I thought about titling this diary something like "The first step to ending oppression is listening to the oppressed" or alternatively, "Hey White people STFU!" But the first, though more accurate, was too dry and would get forgotten, and the second was too derivative of recent meta, and if there's anything I hate it's being derivative. Sometimes people pay attention to what I say, sometimes they don't. Clearly, I'm not always popular here, being an psuedo-iconoclast and all. But this shit is important, so I titled it like I did, because this is coming from a place of respect for a lot of people I'm criticizing, though many won't see that.
So what the hell am I saying? If I'm not telling you to shut the fuck up then what? Well, first off, I'm telling you to listen. If you start talking about how the police are worse now and a black man tells you, "No, this is how it's always been." don't just reply and tell them they're wrong because you've read all the right books and Cornell west agrees with you. (And no, he doesn't, BTW) At the same time, if you're well off, if you're a lawyer who's got a comfortable income, don't tell some poor person how the law does so and so and protects them like it protects the rich. And if you're a dude, don't try to tell a woman that her being constantly told what's what isn't oppressive.
So what does this boil down to? Sit down and fucking listen to oppressed people. The first step of fighting oppression is listening to the people who are fucking oppressed. It is a particular conceit of most, and by most I mean nearly all, members of an oppressing group, and that means us White Men, and everyone else who falls into that dynamic somehow, that the members of the oppressing group knows exactly the best way to solve all the problems of the oppressed group. Conveniently for the member of the oppressing group the problems they are intent on solving are not always the problem that the oppressed group are concerned with.
This is because, as a rule, the oppressor doesn't fucking listen to the oppressed.
Now, I understand that this may be a jarring realization for some of you, since so few of us here are oppressed here. Right? I mean, none of you white men who just happen to be poor have ever had anyone tell you how the price of food and energy just doesn't really matter in regards to inflation, right? Never. And when it does happen I'm sure it's no big deal.
I know when I, a white dude without much money or political power, got gentrified out of the Bay Area I just let all those rich tech folks explain to me how they deserved to be there. And I mean, why would someone who has a job at a university need to listen to someone who fucking experienced gentrification firsthand. Someone who actually knows what the fuck it's like.

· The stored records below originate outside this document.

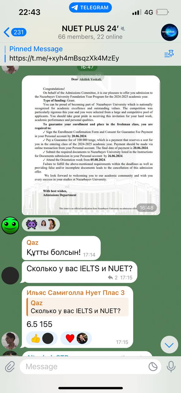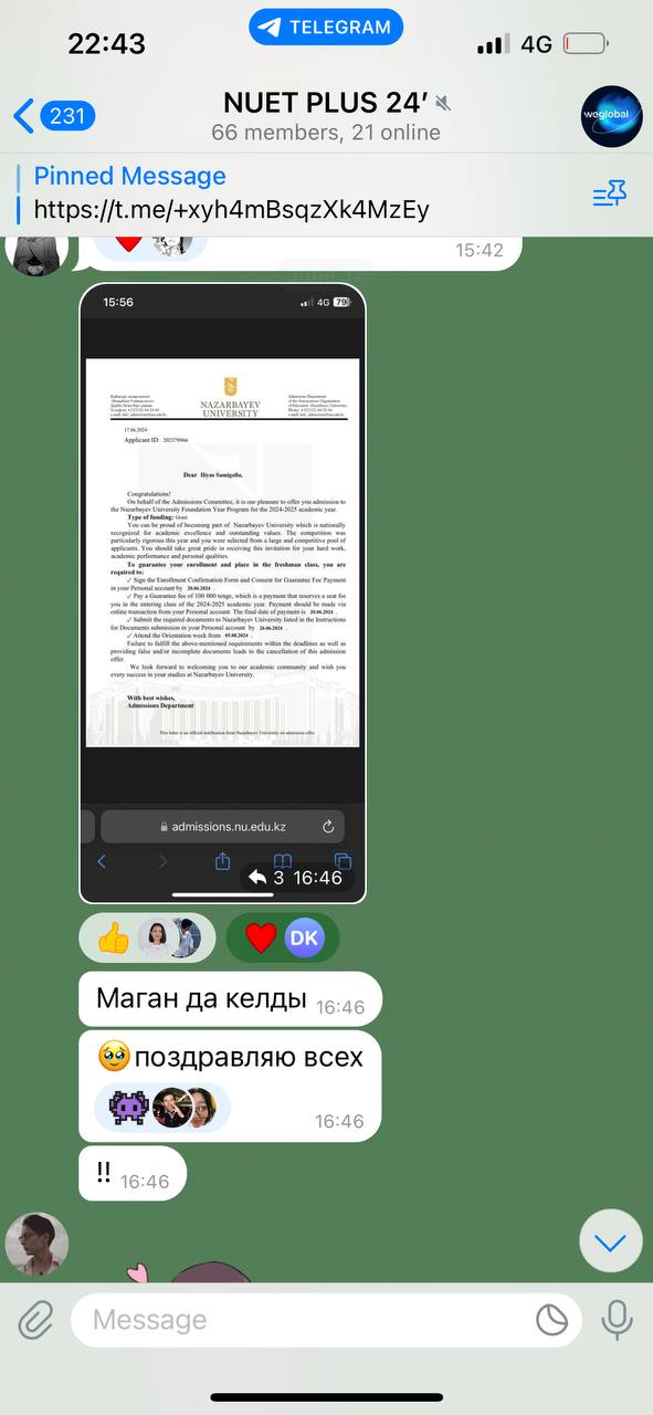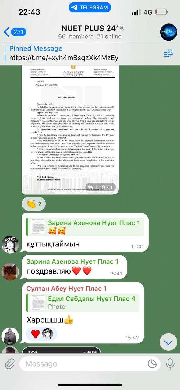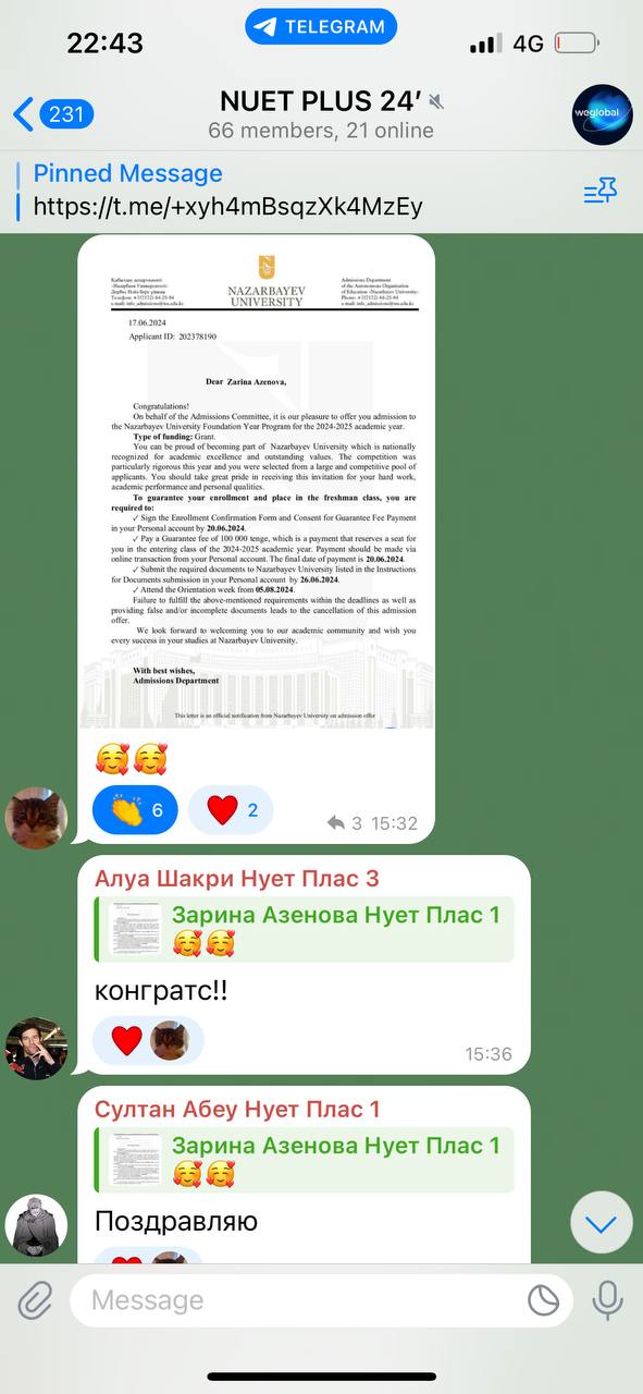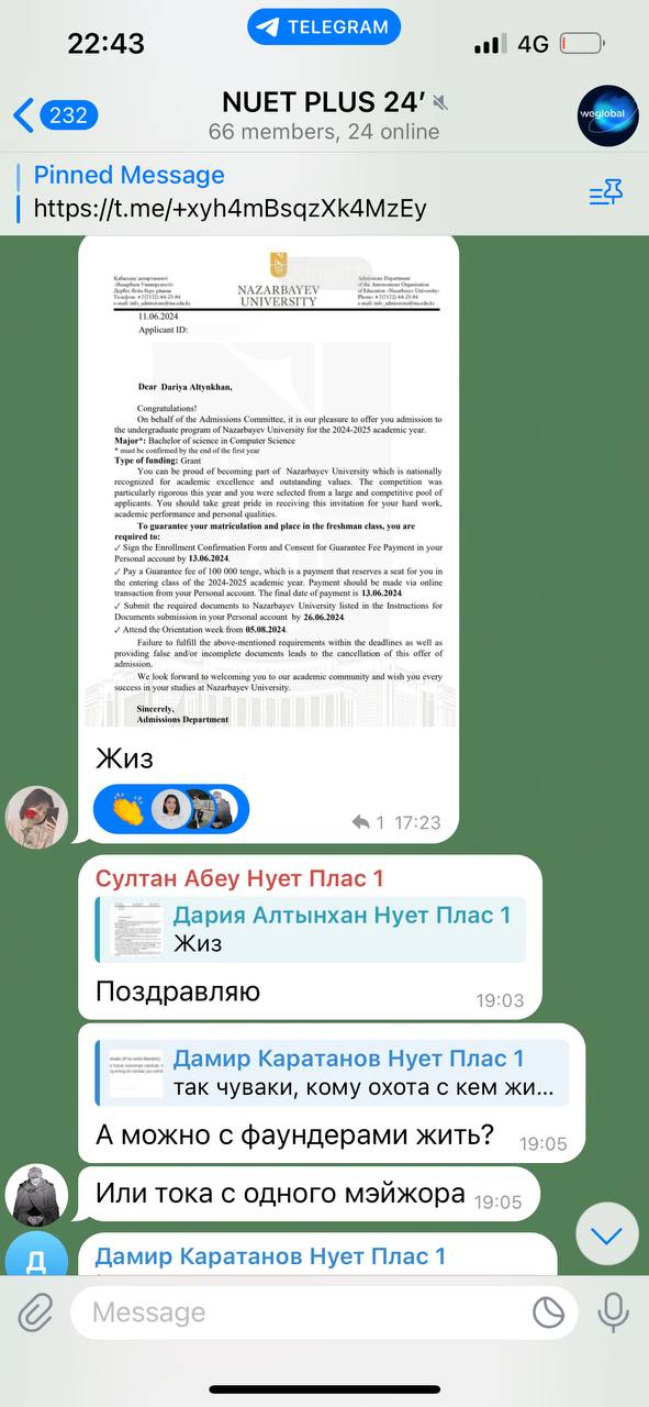 Выпускник КТЛ, студент Назарбаев Университета по специальности “electrical and computer engineering” , получил 186 баллов по экзамену НУЕТ, поступил на магистратуру в один из топовых университетов мира - Cornell University в, который состоит в лиге плюща.
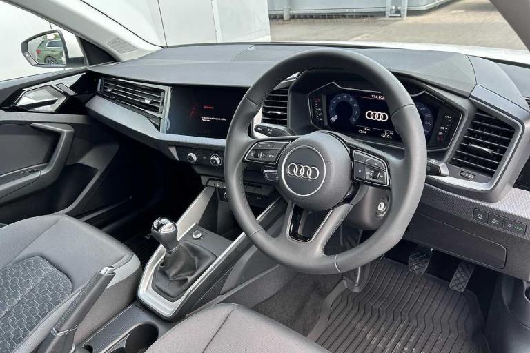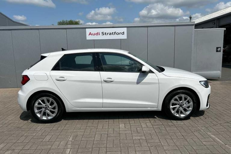 Available from 04/09/2025. Audi A1 Sportback 25 TFSI Sport 5dr in Shell white, solid. Specification Includes Equipment options subset for Great Britain,16in x 6.5J '10-spoke turbine' design alloy wheels with 195/55 R16 tyres,Manual air conditioning,Interior lighting,DAB radio,Front Sport Seats,Hill hold assist,Audi smartphone interface,3-spoke leather multi-function steering wheel,Auto-dimming rear-view mirror,Door mirrors, folding,Tyre pressure loss indicator,Preparation for MMI navigation plus,Rear parking sensors,LED headlights,Separate daytime running light,Light and rain sensors,Cruise control with speed limiter,LED rear lights with dynamic indicators,10.25in Digital cockpit,Bluetooth Interface.
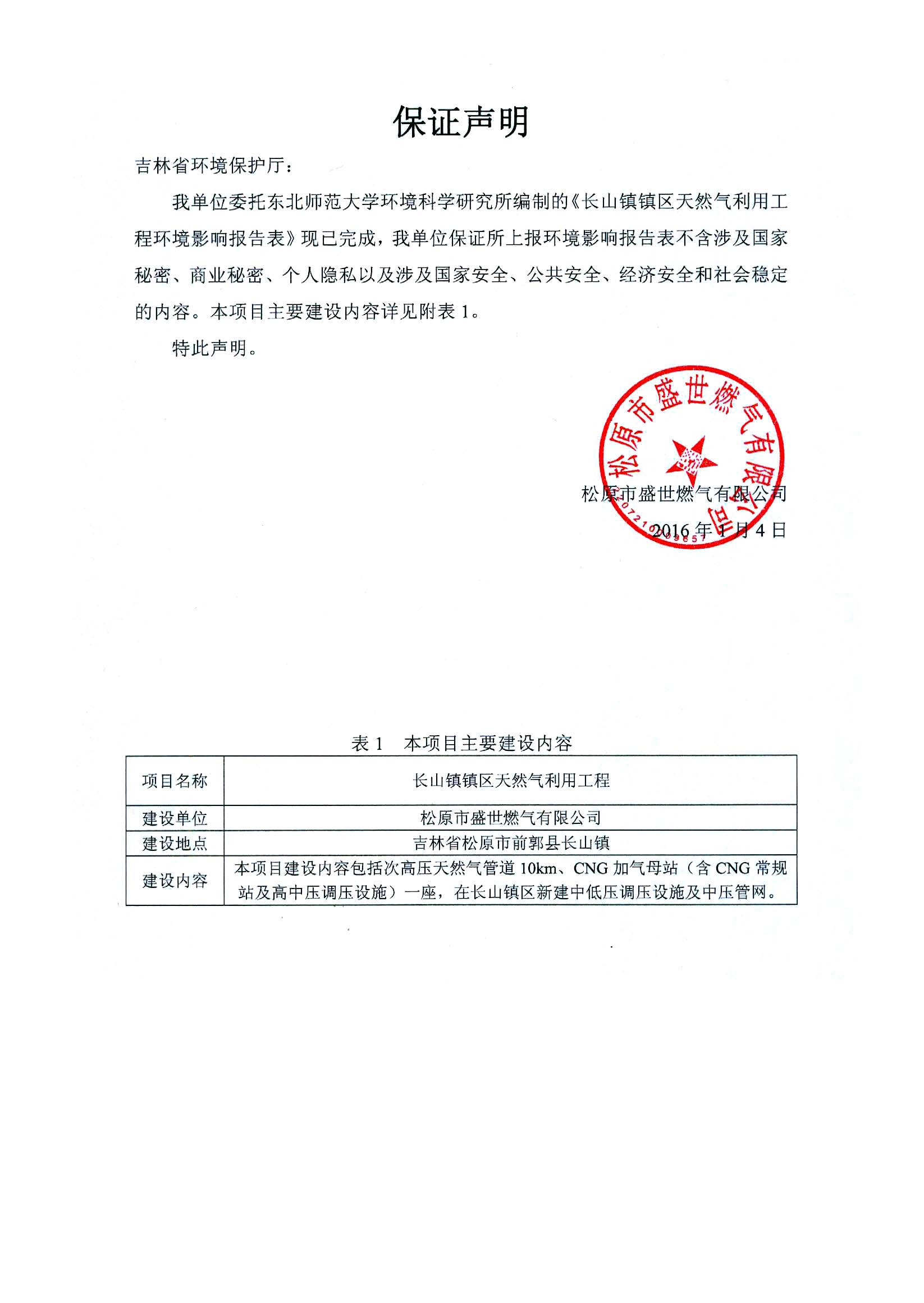 | 1.长山镇镇区天然气利用工程 2.保证声明 |
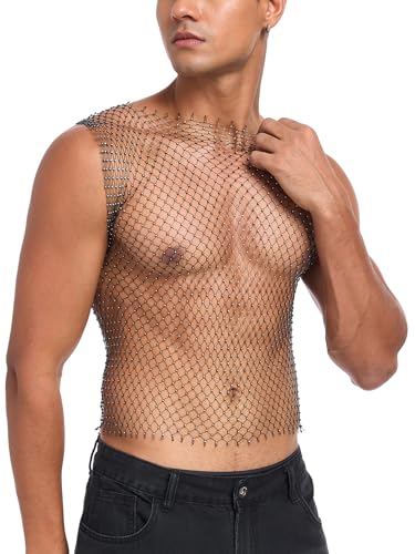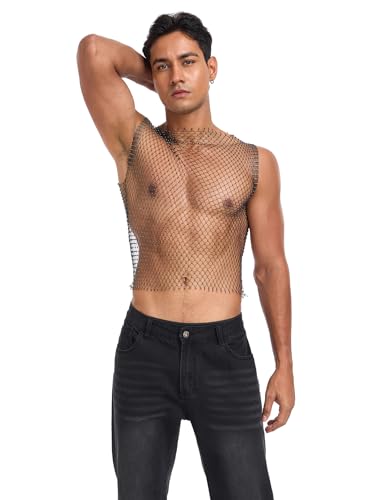 More information about CYCLAMEN Rhinestone Mens Tank Tops Fishnet Sparkly Diamond Sleeveless Shirt See Through Festival Sexy Outfits Rave Party

So when I see some white dude telling a black man how the cops are totally, totally worse now than they were during the civil rights movement. Or when I see a young black man talking about riots then I listen. Sure, maybe I don't agree with everything, but who ever does. But I sit there and I listen to what they say is wrong. And I don't tell them they're wrong about some specific point and I don't tell them that so and so saying blah, blah, blah. Because they don't fucking care about that shit once I've told them they're wrong. Just like I don't care whether your statistics about gentrification are right once you've told me I'm wrong about my experience being forced out of where I grew up.
You get that?
And let me be clear here, I'm using mainly race and class in this diary because that's been the conversations I've been involved with recently, but all of this goes for all kinds of oppression. A female friend of mine told me a year ago about how the Pick-Up artist community was breeding hate and it would lead to violence, based on her experiences and what she knew about gender. I dismissed it. I don't claim to be perfect, by the way, I still fuck up regularly on this shit, but I can admit when I do, which is a step. But I dismissed what she had to say and then what happened? Oh, I was completely fucking wrong. And while me being wrong isn't an uncommon occurrence, it does happen more when I ignore what someone tells me is a problem in regards to an oppressed group they're a part of.
So I'm not telling any of you to shut up, what I'm saying is that you need to get your shit together and realize that if you tell a woman or a black man, or a black woman or a gay dude or some guy in a wheel chair or a poor person that the experience they've just related to you is false then you're wrong. You may be right in the larger sense, you may have the real answer to oppression in general, but when you tell someone their experience of oppression is wrong then you're wrong. Straight up wrong.
Let me repeat that. In bold and quotes.
When you tell someone their experience of oppression is wrong then you're wrong. Straight up wrong.
And finally let me say that not only should we listen, but we need to exhort others to do the same. We need to point out when people are trying to silence oppressed people or when they're merely harassing someone who they disagree with. We need to do this with the understanding that those people probably mean well, so not as an attack but as a reminder. God knows I need them sometimes.
EDIT: The rec list? I'm humbled and thankful that this was important to enough people. Since I didn't actually say it in the diary let me make clear that this is what I learned from listening to people of color, women, and members of other oppressed groups. I didn't figure any of this out on my own, I was lucky enough to know some awesome people, some of them here.